§ WORK TO COMPLETE
When you copy the material below, keep every line exact and omit the pictures.

§ DATA SECTION
__________________________________________________

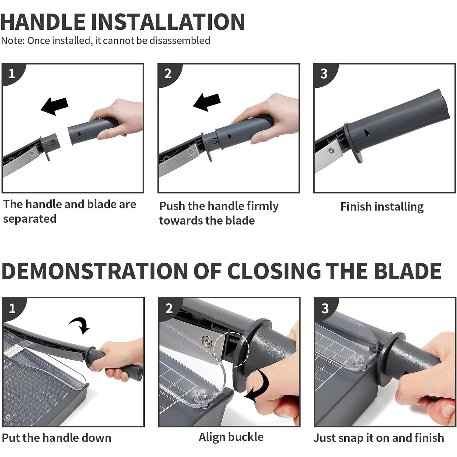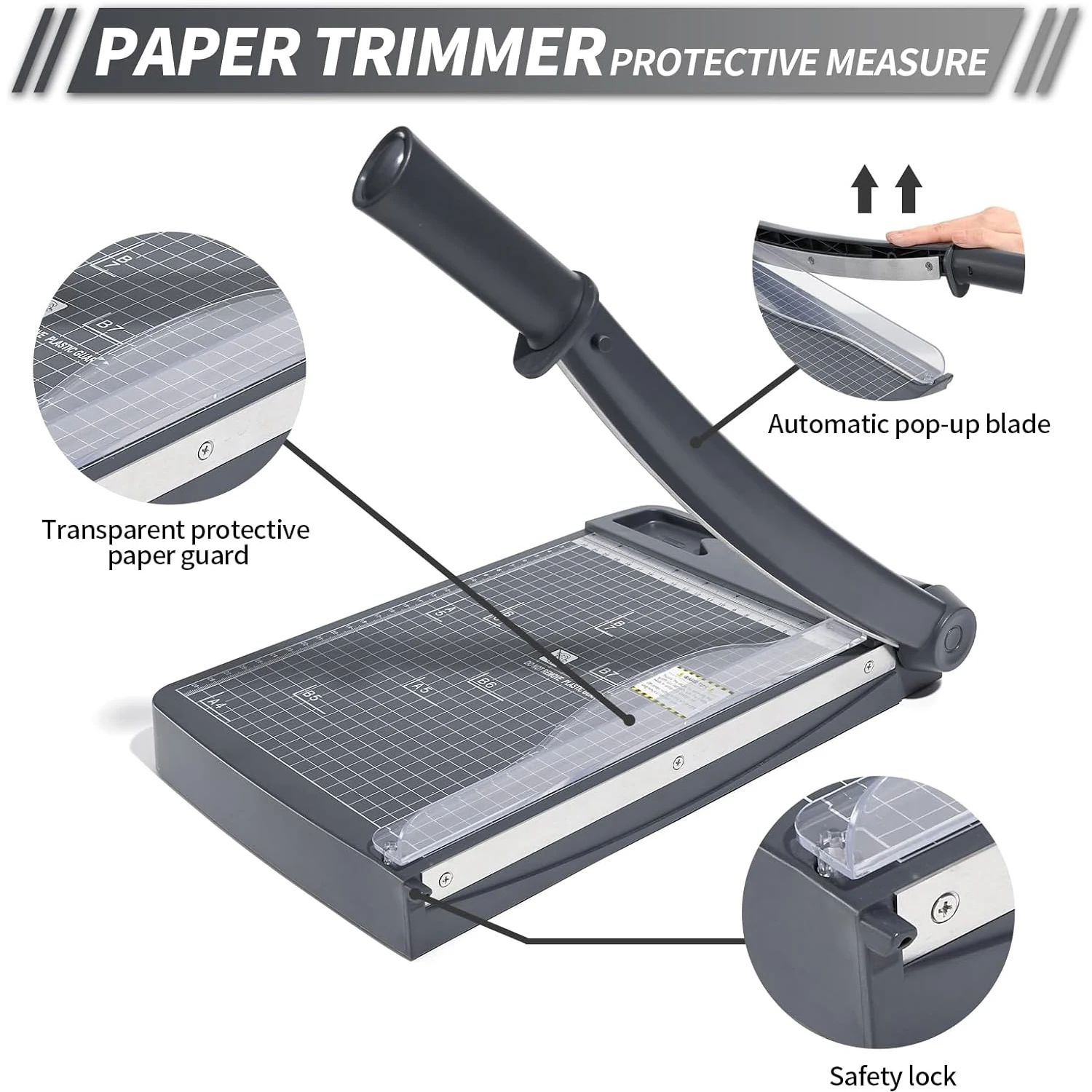 Guillotine-style metal cutting blade and pressure plate to make cutting safer. What’s more, the blade will automatic rebound after each cutting, plus safe buckle design to prevent fingers from cutting.
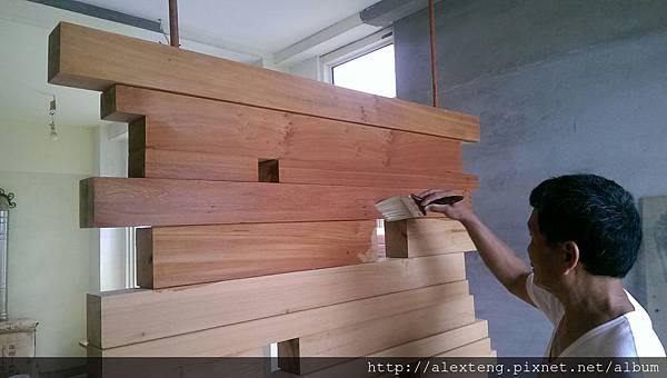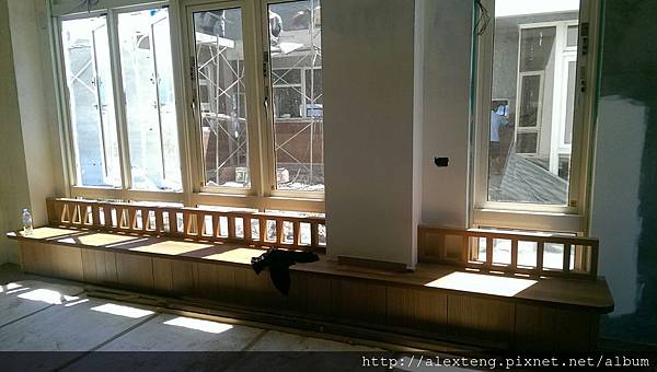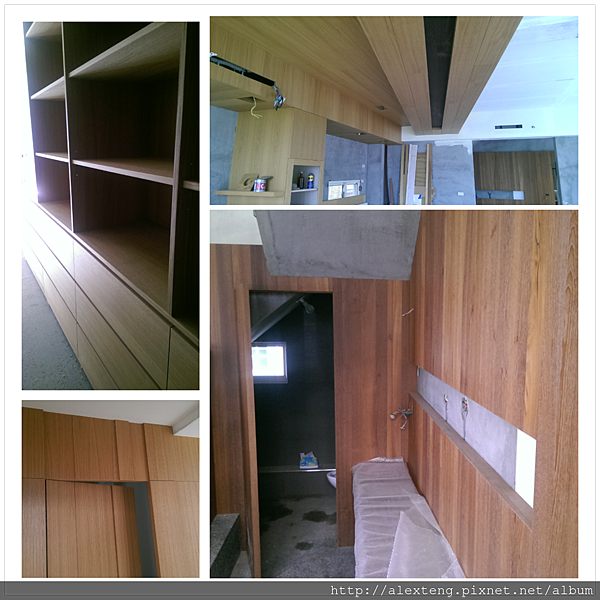 主要是新居進行中的木作裝潢工程及油漆施作,
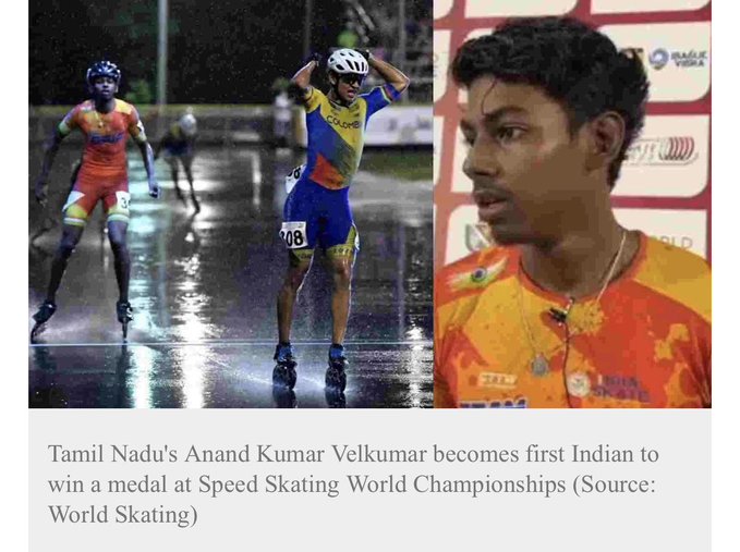 New delhi (Nov. 25): Cricket-focused india is now making a mark in other sports. anand Velkumar of india won the silver medal at World Speed Skating Games 2021.
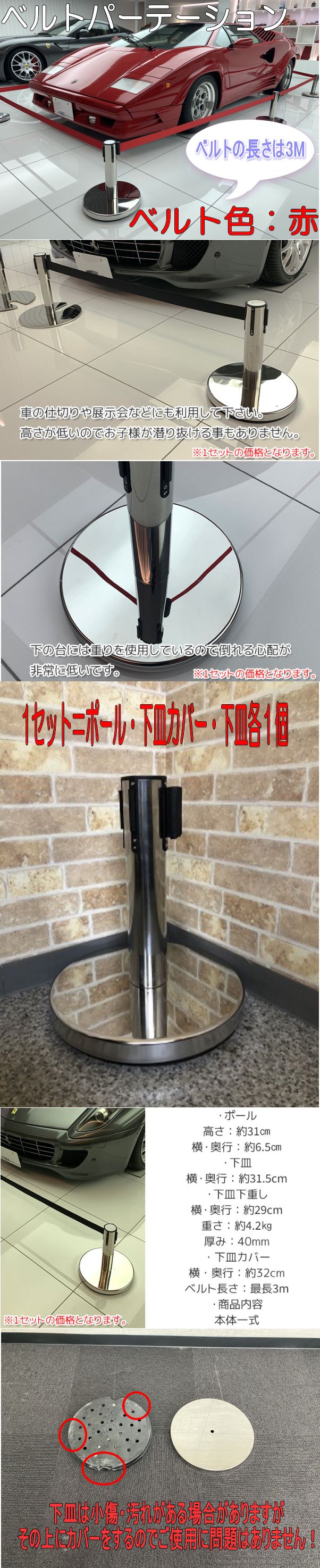 | ・こちらの商品ははポール1本・下皿1個・下皿カバー1個で1セットの販売となります! 1セットではベルトをつなげることが出来ないので2セット以上ご購入下さい。 ・ベルトの色は赤/黒いずれかをご購入後、取引連絡にてご連絡ください。 ・本数によってはベルト色のご希望をお聞きできない場合がございます。事前に質問にて問い合わせください。 ・下皿の重しには小傷がある場合がありますが、ご使用に問題はございません。ご理解の上ご購入をお願い致します。 ・ヤフーオークションのシステム上、9個以上でのご入札ができません。9個以上でのご購入希望の場合は、お手数ですがご質問にて一度お問い合わせください。 |

__________________________________________________

§ ANSWER TO THIS PROBLEM
 Guillotine-style metal cutting blade and pressure plate to make cutting safer. What’s more, the blade will automatic rebound after each cutting, plus safe buckle design to prevent fingers from cutting.
 主要是新居進行中的木作裝潢工程及油漆施作,
 New delhi (Nov. 25): Cricket-focused india is now making a mark in other sports. anand Velkumar of india won the silver medal at World Speed Skating Games 2021.
 | ・こちらの商品ははポール1本・下皿1個・下皿カバー1個で1セットの販売となります! 1セットではベルトをつなげることが出来ないので2セット以上ご購入下さい。 ・ベルトの色は赤/黒いずれかをご購入後、取引連絡にてご連絡ください。 ・本数によってはベルト色のご希望をお聞きできない場合がございます。事前に質問にて問い合わせください。 ・下皿の重しには小傷がある場合がありますが、ご使用に問題はございません。ご理解の上ご購入をお願い致します。 ・ヤフーオークションのシステム上、9個以上でのご入札ができません。9個以上でのご購入希望の場合は、お手数ですがご質問にて一度お問い合わせください。 |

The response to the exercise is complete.